Measurement of DNA adducts, an indicator of electrophilic potential, in human tissues, includes [32]P-Postlabeling techniques [13], DNA adductomics [14, 15], immunohistochemistry, and MS (e.g. isotope dilution-MS, electrospray ionization-MS, and linear ion-trap-MS, among others [9]. MS applications similarly have been used to measure electrophilic chemical-adducts on proteins in the body, such as albumin and haemoglobin [16–20]. These methods have been applied, for example, in the following human tissues: bladder, peripheral blood, brain tissues, lung, oral tissues, and saliva/sputum samples [9, 13, 21–23].

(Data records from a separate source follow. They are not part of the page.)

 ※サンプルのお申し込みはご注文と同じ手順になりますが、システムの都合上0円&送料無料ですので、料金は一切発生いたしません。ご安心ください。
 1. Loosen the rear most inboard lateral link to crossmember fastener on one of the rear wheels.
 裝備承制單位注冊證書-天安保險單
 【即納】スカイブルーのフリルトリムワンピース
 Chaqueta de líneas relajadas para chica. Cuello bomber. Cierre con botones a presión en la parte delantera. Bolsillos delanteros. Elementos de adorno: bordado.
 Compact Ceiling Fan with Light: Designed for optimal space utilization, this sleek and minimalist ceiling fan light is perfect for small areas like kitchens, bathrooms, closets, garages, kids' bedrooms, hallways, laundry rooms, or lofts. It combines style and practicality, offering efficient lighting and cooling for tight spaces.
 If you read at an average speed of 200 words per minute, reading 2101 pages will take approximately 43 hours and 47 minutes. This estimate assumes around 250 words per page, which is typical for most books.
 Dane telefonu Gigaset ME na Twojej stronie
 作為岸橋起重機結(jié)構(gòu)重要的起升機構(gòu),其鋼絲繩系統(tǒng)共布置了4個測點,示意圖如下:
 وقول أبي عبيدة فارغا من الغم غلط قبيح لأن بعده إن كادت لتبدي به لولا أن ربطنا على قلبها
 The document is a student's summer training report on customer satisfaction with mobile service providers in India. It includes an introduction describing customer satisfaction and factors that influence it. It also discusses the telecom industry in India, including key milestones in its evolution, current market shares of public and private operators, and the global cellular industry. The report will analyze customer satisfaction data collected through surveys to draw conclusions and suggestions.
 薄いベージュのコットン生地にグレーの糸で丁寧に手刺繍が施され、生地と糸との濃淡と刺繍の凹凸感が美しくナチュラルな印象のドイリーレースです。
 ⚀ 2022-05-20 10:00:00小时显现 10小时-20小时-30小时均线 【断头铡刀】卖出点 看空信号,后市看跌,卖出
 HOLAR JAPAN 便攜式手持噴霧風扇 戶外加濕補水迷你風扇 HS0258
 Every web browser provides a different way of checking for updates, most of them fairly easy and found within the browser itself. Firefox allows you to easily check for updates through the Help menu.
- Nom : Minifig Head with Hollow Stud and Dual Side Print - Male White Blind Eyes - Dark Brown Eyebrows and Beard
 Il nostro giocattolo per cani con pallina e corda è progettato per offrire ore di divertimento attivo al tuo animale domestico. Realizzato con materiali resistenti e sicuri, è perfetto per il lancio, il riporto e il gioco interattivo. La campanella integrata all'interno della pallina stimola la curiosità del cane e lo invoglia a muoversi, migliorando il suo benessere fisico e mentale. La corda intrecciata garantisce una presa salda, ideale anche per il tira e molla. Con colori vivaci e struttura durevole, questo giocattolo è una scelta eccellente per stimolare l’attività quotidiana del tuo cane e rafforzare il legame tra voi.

Measurement of KC2 in exposed humans
Genotoxicity (KC2) describes the ability of chemicals to cause damage to genetic material and can be measured using various assays that detect DNA damage, mutations, or chromosomal alterations. DNA damage is reversible through cellular repair mechanisms, making it less dependable as a measure of potential cancer risk compared to mutations, which are permanent changes passed down through generations of daughter cells and may play a role in cancer development. Tests that detect gene or chromosomal mutations are therefore considered more indicative of carcinogenic potential.
All three of these larger subgroups of genotoxicity (chromosomal damage, DNA damage, and mutations) can be measured in exposed humans. There are several methods used for measuring chromosome damage, including chromosomal aberration assays, fluorescence in situ hybridization (FISH) including OctoChrome FISH, micronucleus assays, nuclear aberration assays, pseudoautosomal region–based detection approaches, and the sister chromatid exchange test. Nuclear aberration assay has been used to measure a chemical’s ability to induce chromosome alterations in the hair follicle [24], while all other methods mainly use blood samples obtained from exposed humans [25, 26].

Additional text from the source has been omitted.